Starting with MongoDB 3.6, currentOp method is supported in aggregation. So checking the currentOp is even easier with this method. Also, the aggregation pipeline doesn’t have a 16MB result size limit as well. The usage is:

{ $currentOp: { allUsers: <boolean>, idleConnections: <boolean>, idleCursors: <boolean>, idleSessions: <boolean>, localOps: <boolean> } }

Note:

Options/Features added, version-wise, to currentOp()
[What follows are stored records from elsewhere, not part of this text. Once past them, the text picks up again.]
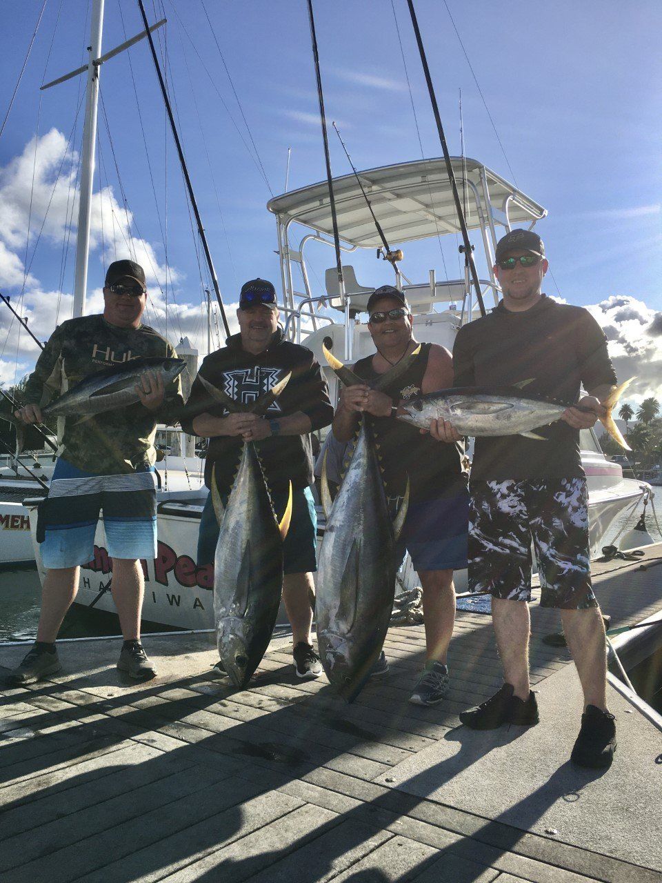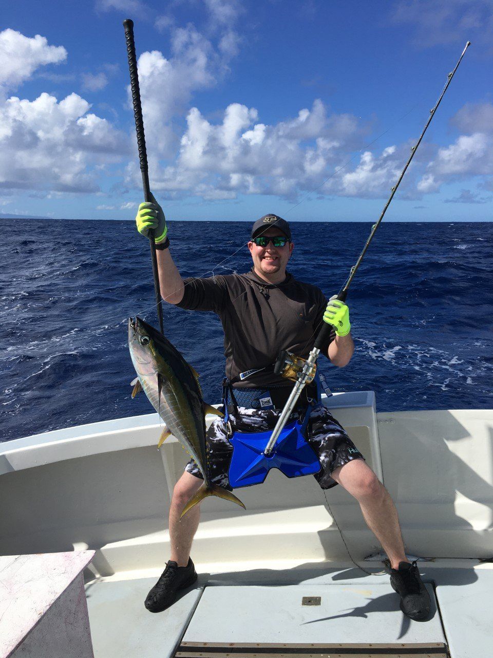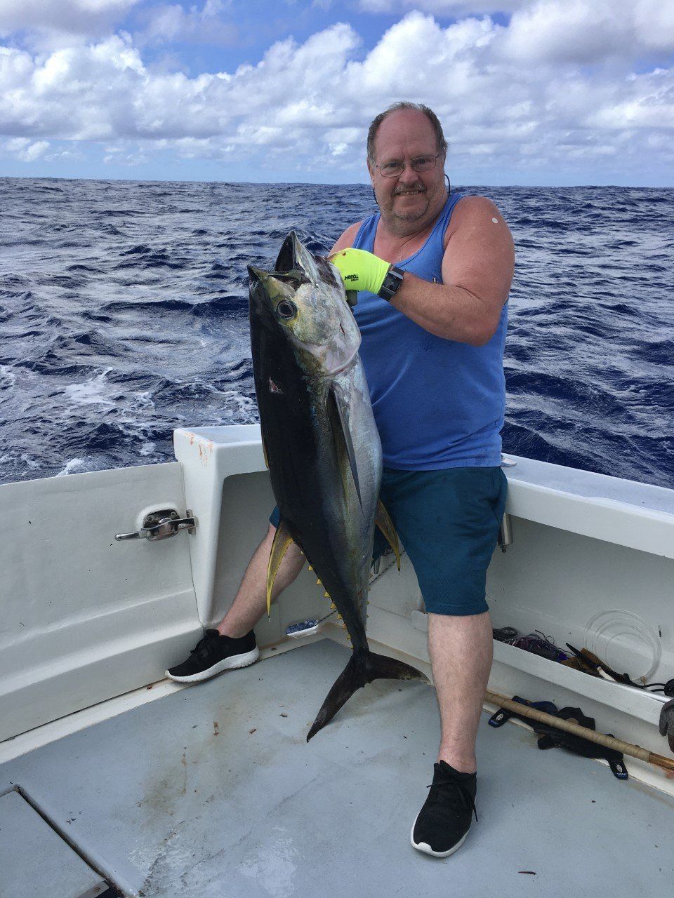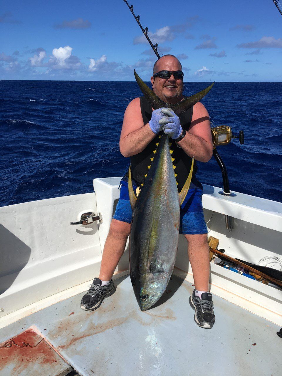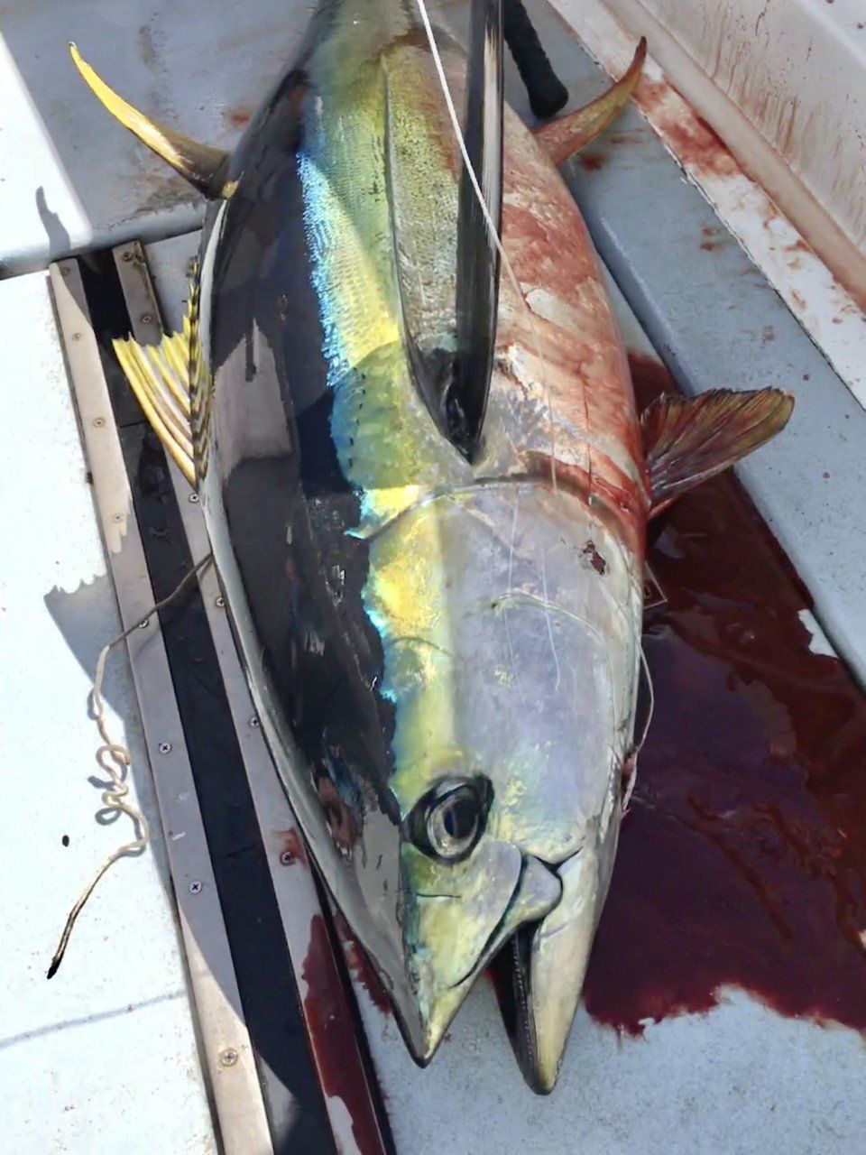 Some bigger fish moved in for Michael, and his friends! We started off light tackle fishing with a standup harness catching smaller yellowfin. When the bigger tuna showed up we put the light tackle away. The bigger tuna weighed in at over 72 lbs (without the gills and guts). We remove the gill and guts from the tuna as soon as it is caught in order to make sushi grade fish. When these tunas get over 100 lbs we call them Ahi. When they are under 100 lbs we call them Shibi.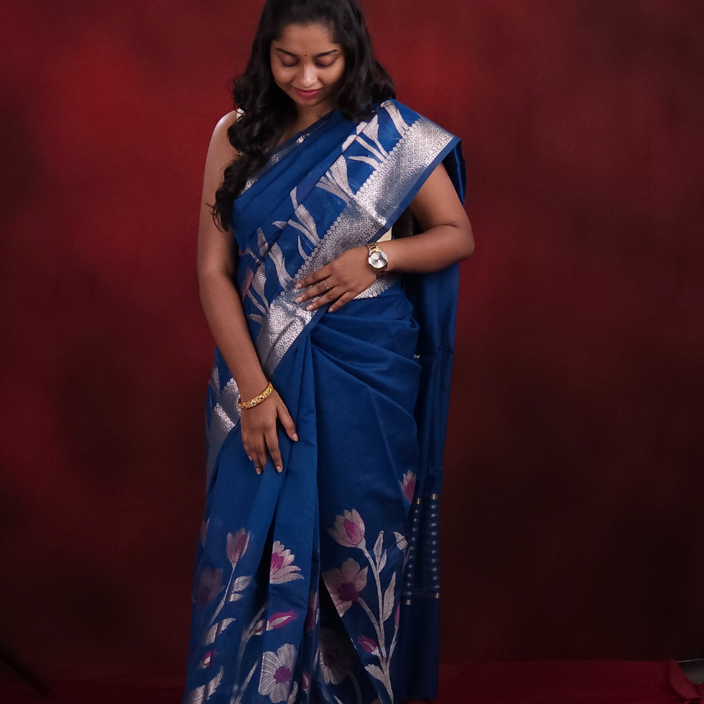 Prussian Blue Chanderi Saree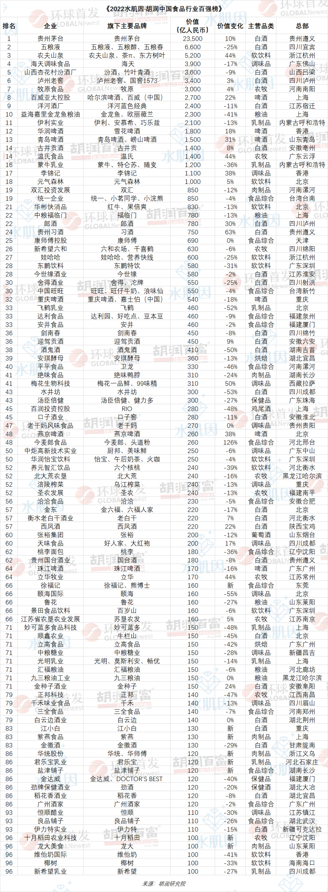 (數據來源:2022水肌因·胡潤中國食品行業百強榜)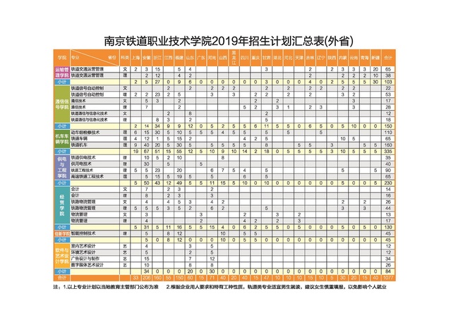 南京铁道职业技术学院2019年跨省招生计划一览表

  • allUsers, idleConnections – available from 3.6,
  • idleCursors – available from 4.2
  • idleSessions, localOps – available from 4.0

Let’s see an example of the same. Count all connections including idle connections with shard02:

mongos> db.aggregate( [ { $currentOp : { allUsers: true, idleConnections: true } },    
... { $match : { shard: "shard02" }}, {$group: {_id:"shard02", count: {$sum: 1}} } ] )
{ "_id" : "shard02", "count" : 65 }

Now using the same import job, finding the operation as follows:

mongos> db.aggregate( [    { $currentOp : { allUsers: true, idleConnections: false } },    
... { $match : { "ns": "vinodh.testColl" }} ] )
{ "shard" : "shard01", "host" : "bm-support01.bm.int.percona.com:54012", "desc" : "conn279", "connectionId" : 279, "client_s" : "127.0.0.1:38564", "active" : true, "currentOpTime" : "2021-03-23T13:33:57.225-0400", "opid" : "shard01:722388", "secs_running" : NumberLong(0), "microsecs_running" : NumberLong(24668), "op" : "insert", "ns" : "vinodh.testColl", "command" : { "insert" : "testColl", "bypassDocumentValidation" : false, "ordered" : false, "documents" : [ { "_id" : ObjectId("605a26855c15f7d20484d217"), "id" : 12020, "name" : "Dora Watson",....tId("000000000000000000000000") ], "writeConcern" : { "getLastError" : 1, "w" : "majority" }, "allowImplicitCollectionCreation" : false, "$clusterTime" : { "clusterTime" : Timestamp(1616520837, 1000), "signature" : { "hash" : BinData(0,"yze8dSs12MUKlnb7rpw5h2YblFI="), "keyId" : NumberLong("6942317981145759774") } }, "$configServerState" : { "opTime" : { "ts" : Timestamp(1616520835, 10), "t" : NumberLong(2) } }, "$db" : "vinodh" }, "numYields" : 0, "locks" : { "Global" : "w", "Database" : "w", "Collection" : "w" }, "waitingForLock" : false, "lockStats" : { "Global" : { "acquireCount" : { "r" : NumberLong(8), "w" : NumberLong(8) } }, "Database" : { "acquireCount" : { "w" : NumberLong(8) } }, "Collection" : { "acquireCount" : { "w" : NumberLong(8) } } } }

To reduce the output and project only some fields in the output:

mongos> db.aggregate( [    
... { $currentOp : { allUsers: true, idleConnections: false } },    
... { $match : { ns: "vinodh.testColl", microsecs_running: {$gt: 10000} }}, 
... {$project: { _id:0, host:1, opid:1, secs_running: 1, op:1, ns:1, waitingForLock: 1, numYields: 1  } } ] )
{ "host" : "bm-support01.bm.int.percona.com:54012", "opid" : "shard01:777387", "secs_running" : NumberLong(0), "op" : "insert", "ns" : "vinodh.testColl", "numYields" : 0, "waitingForLock" : false }

To see the output in fantasy mode, used to be pretty ?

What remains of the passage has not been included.